• [EXERCISE GOAL]: Starting at the line that has "You can be confident" and stopping after the line that has "Untitled, 2025, Acrylic", reproduce the listing below exactly; omit everything else.

• [EXTRACTED ENTRIES]:
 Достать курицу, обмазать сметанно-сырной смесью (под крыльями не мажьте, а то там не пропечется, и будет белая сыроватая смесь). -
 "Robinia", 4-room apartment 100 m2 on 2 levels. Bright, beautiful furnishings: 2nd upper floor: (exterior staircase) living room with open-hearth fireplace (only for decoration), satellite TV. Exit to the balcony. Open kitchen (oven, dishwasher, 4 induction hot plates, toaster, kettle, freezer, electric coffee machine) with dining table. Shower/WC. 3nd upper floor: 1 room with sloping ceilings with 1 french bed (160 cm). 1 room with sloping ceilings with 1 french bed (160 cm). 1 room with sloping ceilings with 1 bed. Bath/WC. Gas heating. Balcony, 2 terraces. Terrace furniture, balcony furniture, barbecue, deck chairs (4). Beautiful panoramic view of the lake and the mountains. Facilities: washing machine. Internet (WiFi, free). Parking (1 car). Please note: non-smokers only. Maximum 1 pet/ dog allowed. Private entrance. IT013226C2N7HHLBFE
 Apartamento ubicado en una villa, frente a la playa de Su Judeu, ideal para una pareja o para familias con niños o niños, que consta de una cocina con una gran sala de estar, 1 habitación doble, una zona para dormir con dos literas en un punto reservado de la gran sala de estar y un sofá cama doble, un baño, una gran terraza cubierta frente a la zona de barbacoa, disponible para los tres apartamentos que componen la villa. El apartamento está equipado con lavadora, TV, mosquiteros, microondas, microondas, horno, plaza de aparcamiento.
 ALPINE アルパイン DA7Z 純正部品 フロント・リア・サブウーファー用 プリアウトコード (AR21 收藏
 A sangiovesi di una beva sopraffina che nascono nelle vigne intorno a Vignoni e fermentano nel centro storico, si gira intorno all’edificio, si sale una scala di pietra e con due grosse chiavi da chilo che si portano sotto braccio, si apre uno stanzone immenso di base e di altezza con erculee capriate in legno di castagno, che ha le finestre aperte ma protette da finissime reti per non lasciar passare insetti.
--
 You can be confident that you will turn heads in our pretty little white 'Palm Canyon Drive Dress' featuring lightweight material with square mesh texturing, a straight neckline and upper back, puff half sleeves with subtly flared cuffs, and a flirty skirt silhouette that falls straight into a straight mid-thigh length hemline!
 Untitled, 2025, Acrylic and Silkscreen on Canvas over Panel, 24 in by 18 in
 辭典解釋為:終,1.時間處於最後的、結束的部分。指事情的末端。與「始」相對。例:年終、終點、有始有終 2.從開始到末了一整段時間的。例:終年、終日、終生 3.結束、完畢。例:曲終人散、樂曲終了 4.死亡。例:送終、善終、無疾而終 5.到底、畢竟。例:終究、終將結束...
...
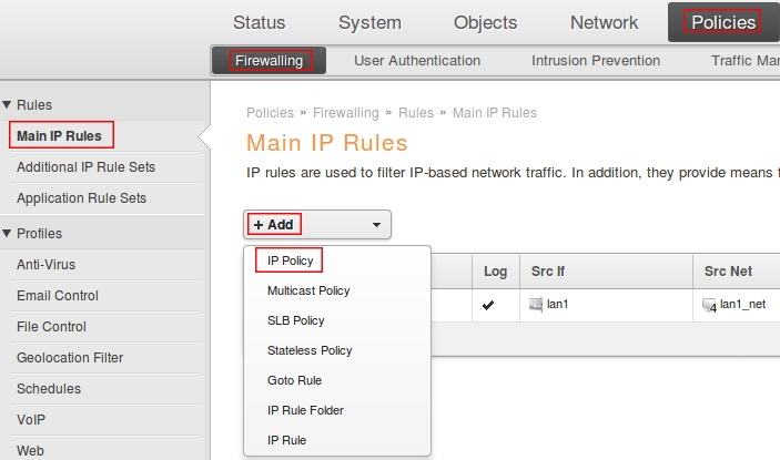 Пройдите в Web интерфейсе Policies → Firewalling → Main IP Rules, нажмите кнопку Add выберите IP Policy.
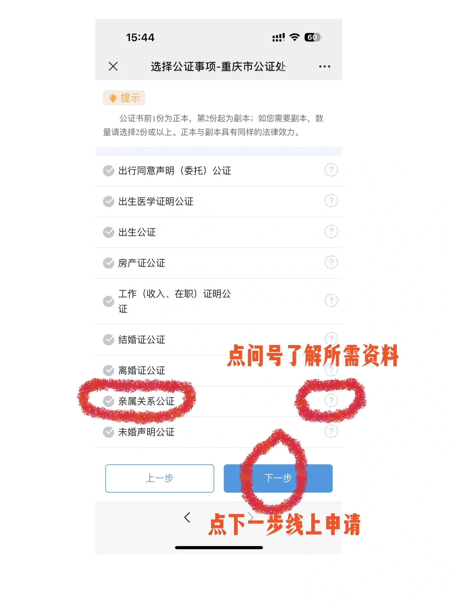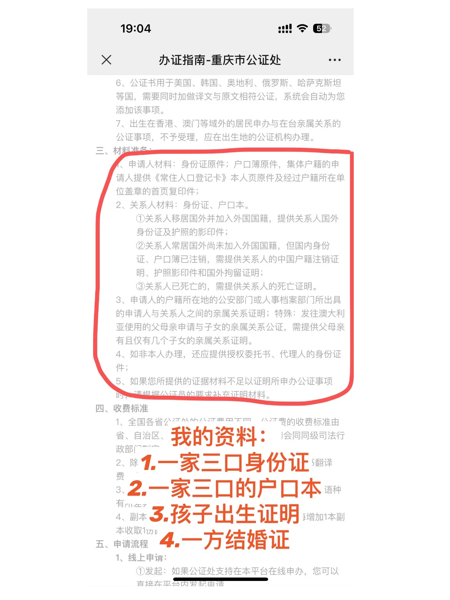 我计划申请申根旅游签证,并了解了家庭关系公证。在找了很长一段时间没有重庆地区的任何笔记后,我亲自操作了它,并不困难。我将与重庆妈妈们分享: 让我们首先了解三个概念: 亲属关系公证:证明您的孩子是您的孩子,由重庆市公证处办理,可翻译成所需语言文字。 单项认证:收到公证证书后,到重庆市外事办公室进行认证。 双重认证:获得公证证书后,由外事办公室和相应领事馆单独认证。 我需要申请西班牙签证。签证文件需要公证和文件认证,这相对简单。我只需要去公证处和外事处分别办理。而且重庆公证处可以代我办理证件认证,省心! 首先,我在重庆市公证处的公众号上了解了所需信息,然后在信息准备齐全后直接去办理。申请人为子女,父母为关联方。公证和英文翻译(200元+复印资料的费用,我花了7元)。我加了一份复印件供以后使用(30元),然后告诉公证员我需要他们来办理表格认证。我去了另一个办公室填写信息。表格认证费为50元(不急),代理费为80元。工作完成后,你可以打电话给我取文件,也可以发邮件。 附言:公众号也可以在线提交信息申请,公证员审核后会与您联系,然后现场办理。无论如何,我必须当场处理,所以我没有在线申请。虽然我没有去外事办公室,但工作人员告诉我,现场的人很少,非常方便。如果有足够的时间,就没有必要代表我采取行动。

• [TASK ANSWER]:
 You can be confident that you will turn heads in our pretty little white 'Palm Canyon Drive Dress' featuring lightweight material with square mesh texturing, a straight neckline and upper back, puff half sleeves with subtly flared cuffs, and a flirty skirt silhouette that falls straight into a straight mid-thigh length hemline!
 Untitled, 2025, Acrylic and Silkscreen on Canvas over Panel, 24 in by 18 in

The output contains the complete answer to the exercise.